WHAT THE TASK REQUIRES: From the material below, please set down exactly the lines starting with the one with "보상으로 받은 코인으로는" and going on through the one with "张彭湃宣读《生命科学学院研究", without a single picture.

ENTRIES SUPPLIED:
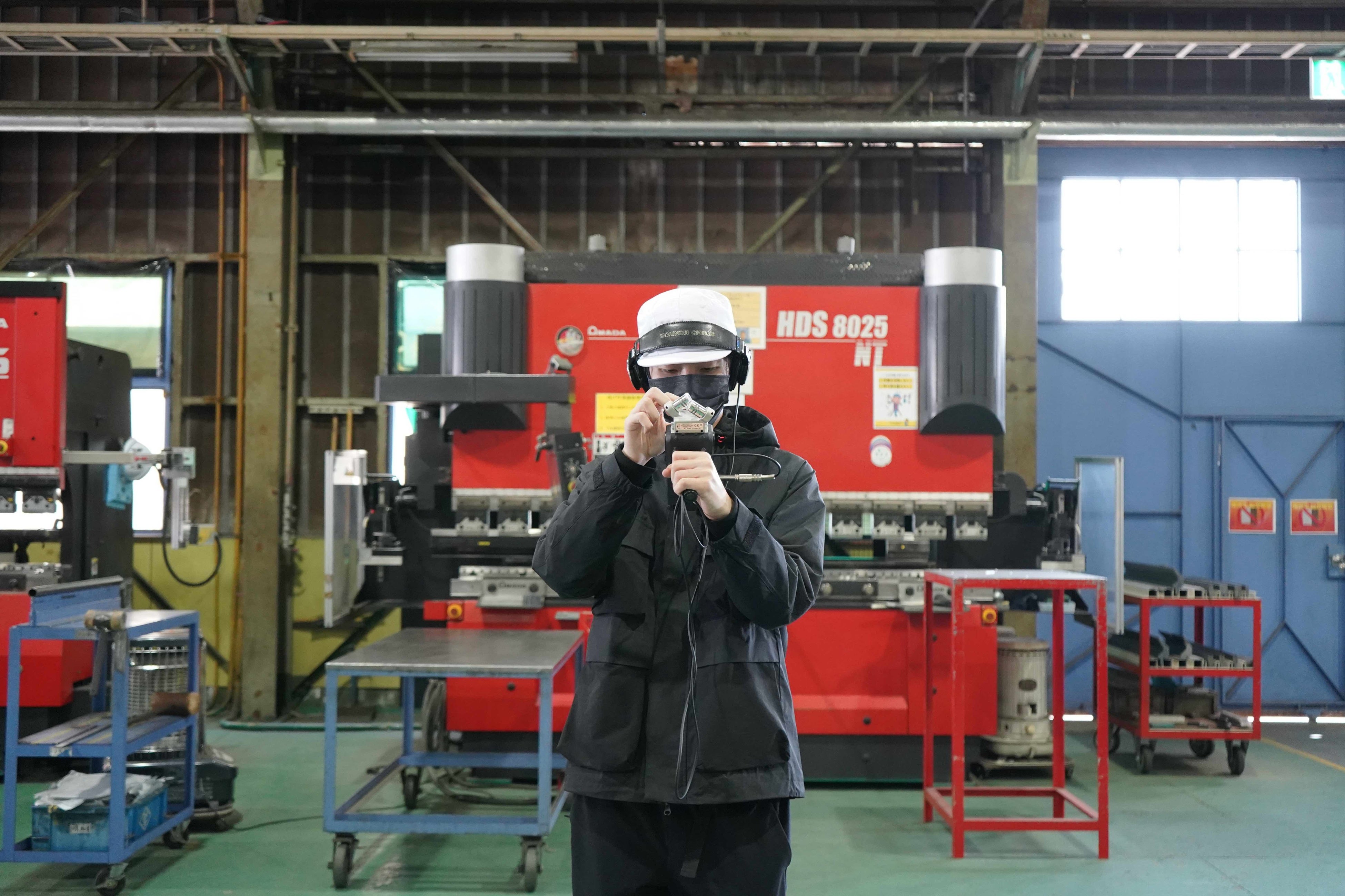 ↑クシダ工業の八幡製作所にて集音するSEKITOVA氏
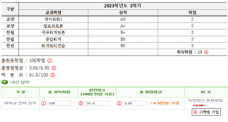 ※1학년은 고3 성적만 적용하고 2학년 이상은 성적증명서상 대학 전체 성적(환산점수) 반영
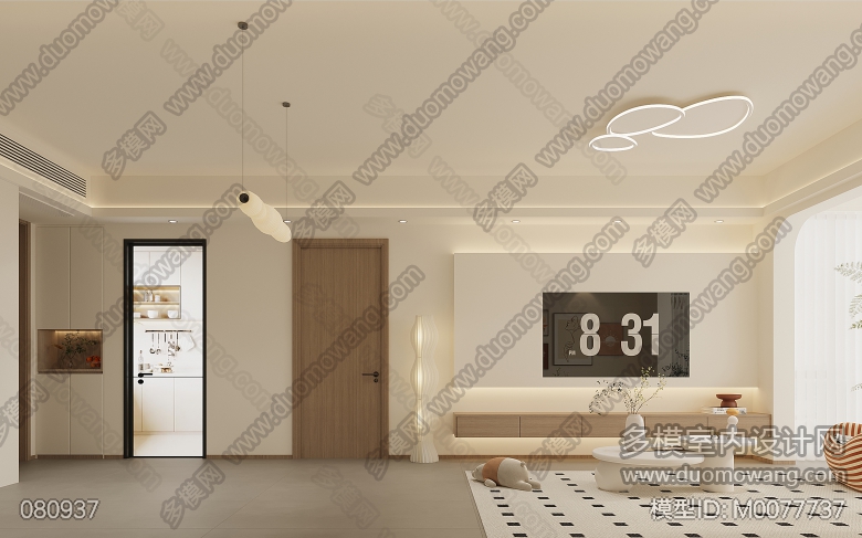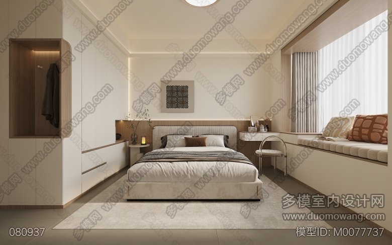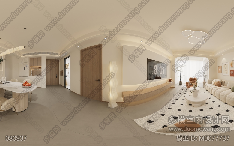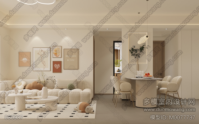 奶油风客餐厅主卧2个全景3单张 ID:M0077737
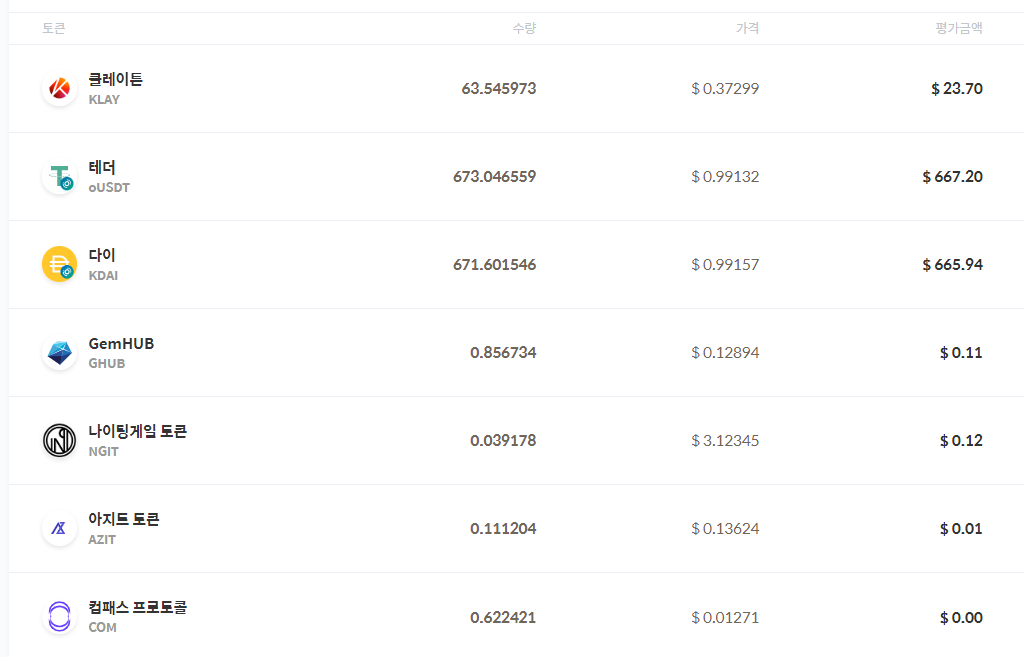 보상으로 받은 코인으로는 KSP(클레이스왑) 말고도 위의 캡처처럼 GHUB, NGIT, AZIT, COM가 있었는데, 보시는 것처럼 모두 1 달러가 채 안 되는 미미한 수량입니다.
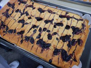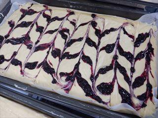 ブルーベリージャムで模様を描いて、オーブンでふっくらと焼き上げました。
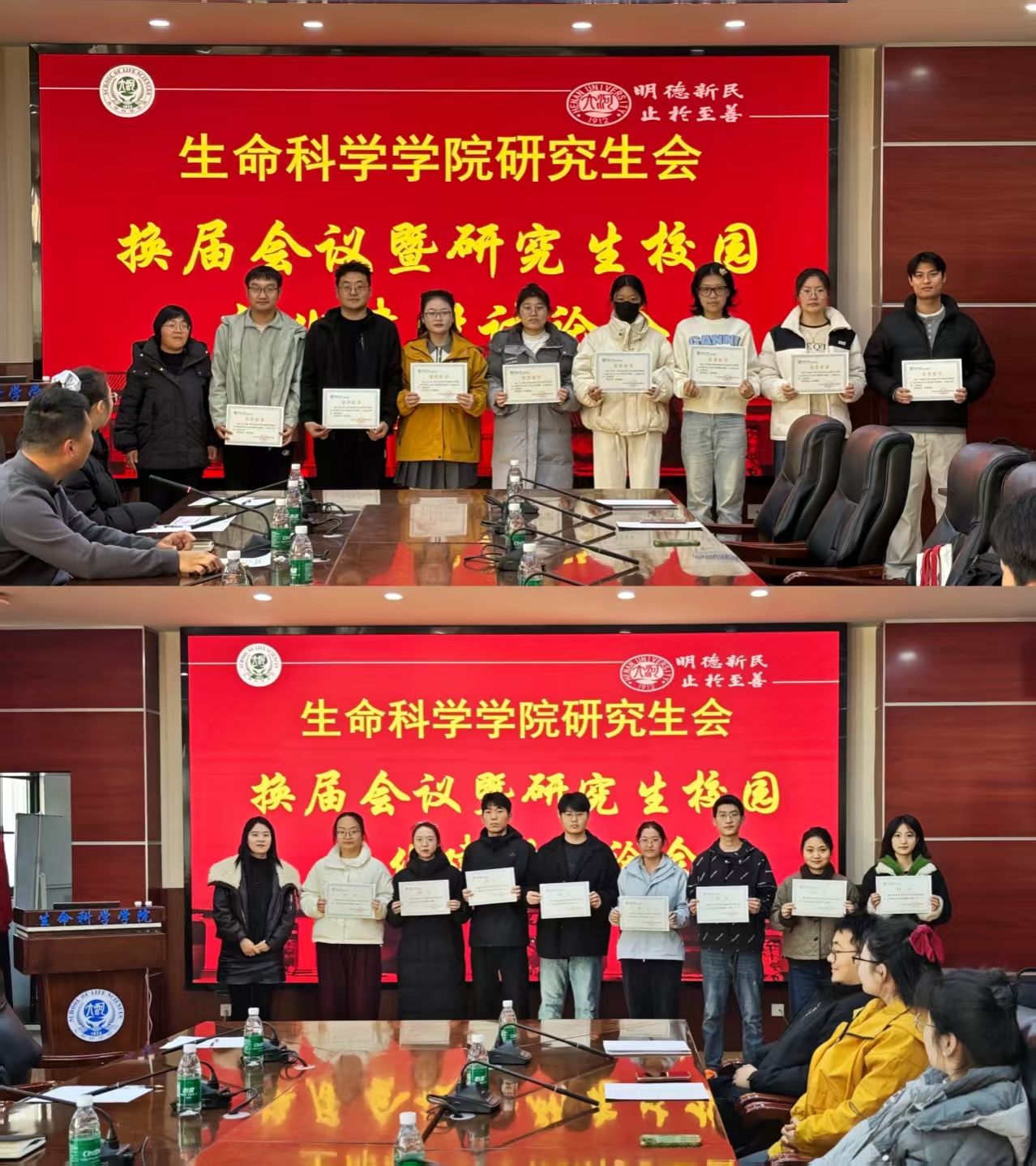 张彭湃宣读《生命科学学院研究生会2025年干部竞聘结果通报》。陈安群为第十九届研究生会主要学生干部颁发荣誉证书,张茜茜为第二十届研究生会主要学生干部颁发聘书。
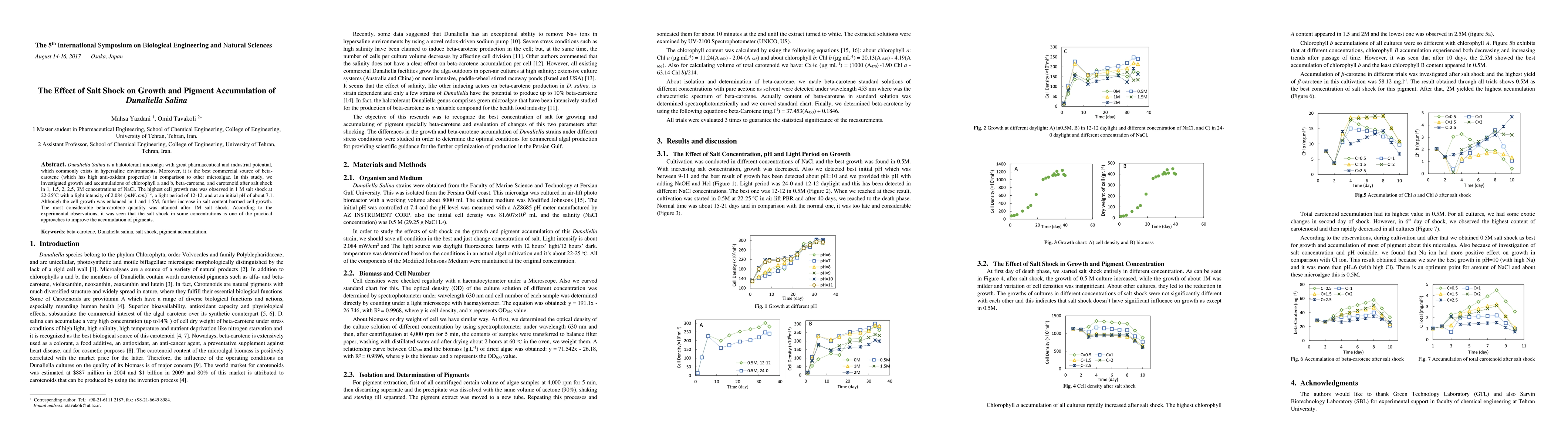 Dunaliella Salina is a halotolerant microalga with great pharmaceutical and industrial potential, which commonly exists in hypersaline environments. Moreover, it is the best commercial source of beta-carotene (which has high anti-oxidant properties) in comparison to other microalgae. In this study, we investigated growth and accumulations of chlorophyll a and b, beta-carotene, and carotenoid after salt shock in 1, 1.5, 2, 2.5, 3 M concentrations of NaCl. The highest cell growth rate was observed in 1 M salt shock at 22-25 centigrade with a light intensity of 2.084 (mW.cm)^(-2), a light period of 12-12, and at an initial pH of about 7.1. Although the cell growth was enhanced in 1 and 1.5M, further increase in salt content harmed cell growth. The most considerable beta-carotene quantity was attained after 1M salt shock. According to the experimental observations, it was seen that the salt shock in some concentrations is one of the practical approaches to improve the accumulation of pigments. Keywords: beta-carotene, Dunaliella salina, salt shock, pigment accumulation.
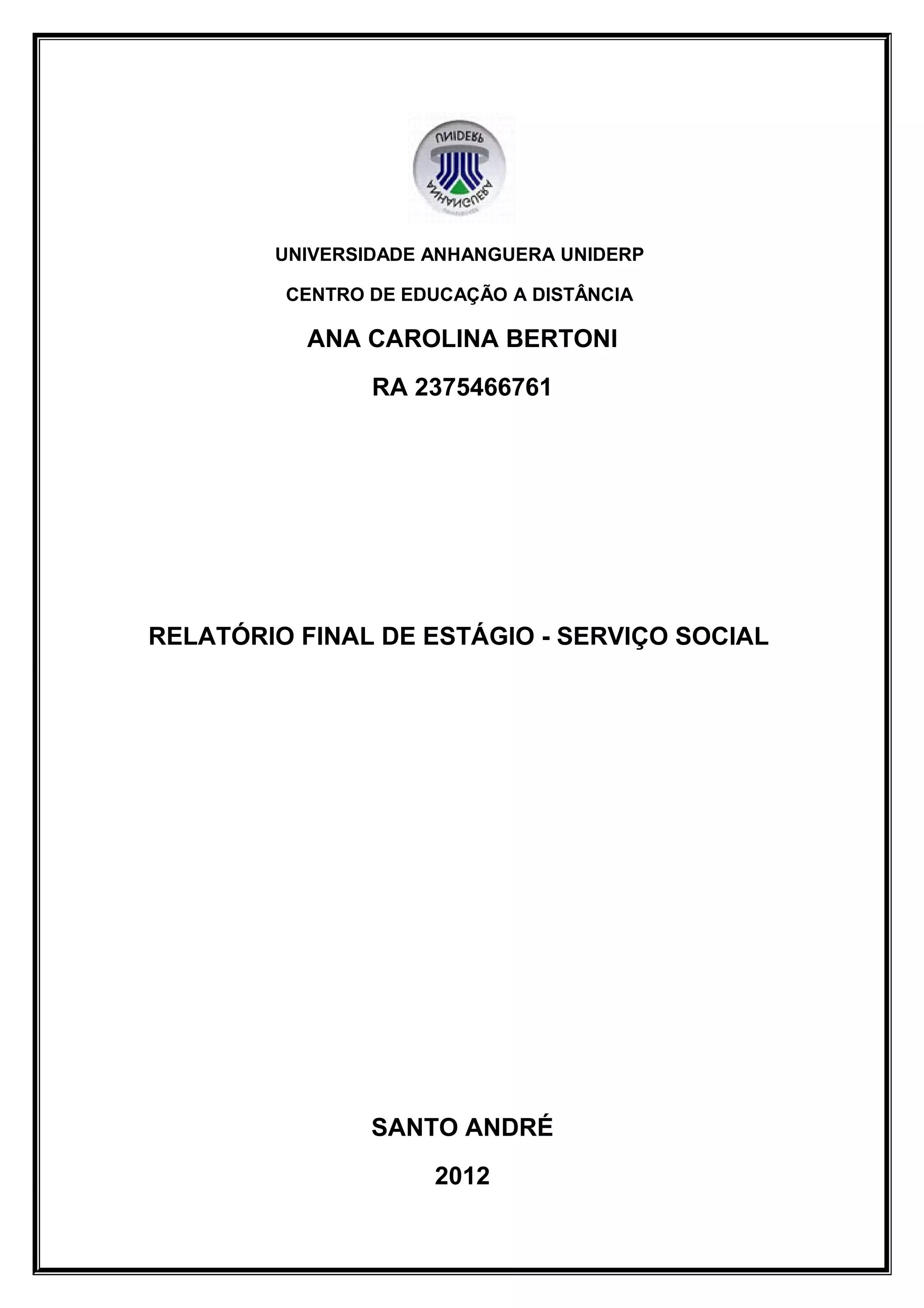 O documento relata o relatório final de estágio da estagiária Ana Carolina Bertoni realizado no Hospital e Maternidade Bartira em Santo André entre abril e junho de 2012. O estágio teve como objetivo geral a interação entre a estagiária, a supervisora de campo e o professor-tutor e como objetivos específicos trabalhar as três dimensões da prática profissional: teórico-metodológica, ético-política e técnico-operativa. A estagiária descreve sua atuação no hospital sob a orientação da supervisora de
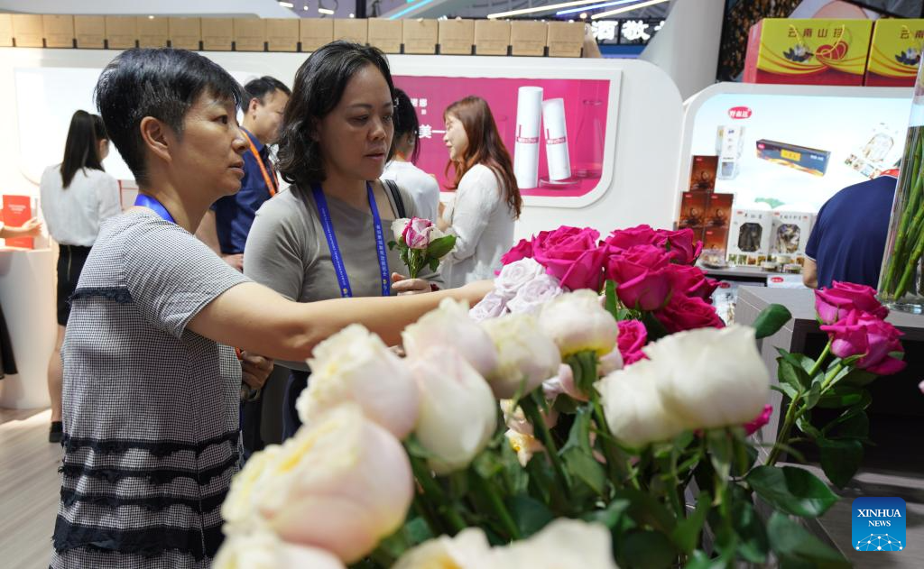 Visitors select roses at the Yunnan booth of the fourth China International Consumer Products Expo (CICPE) in Haikou, capital city of south China's Hainan Province, April 14, 2024. A batch of domestic brands have attracted a lot of visitors at the expo. (Xinhua/Li Mengjiao)

RESULT FOR THIS EXERCISE:
 보상으로 받은 코인으로는 KSP(클레이스왑) 말고도 위의 캡처처럼 GHUB, NGIT, AZIT, COM가 있었는데, 보시는 것처럼 모두 1 달러가 채 안 되는 미미한 수량입니다.
 ブルーベリージャムで模様を描いて、オーブンでふっくらと焼き上げました。
 张彭湃宣读《生命科学学院研究生会2025年干部竞聘结果通报》。陈安群为第十九届研究生会主要学生干部颁发荣誉证书,张茜茜为第二十届研究生会主要学生干部颁发聘书。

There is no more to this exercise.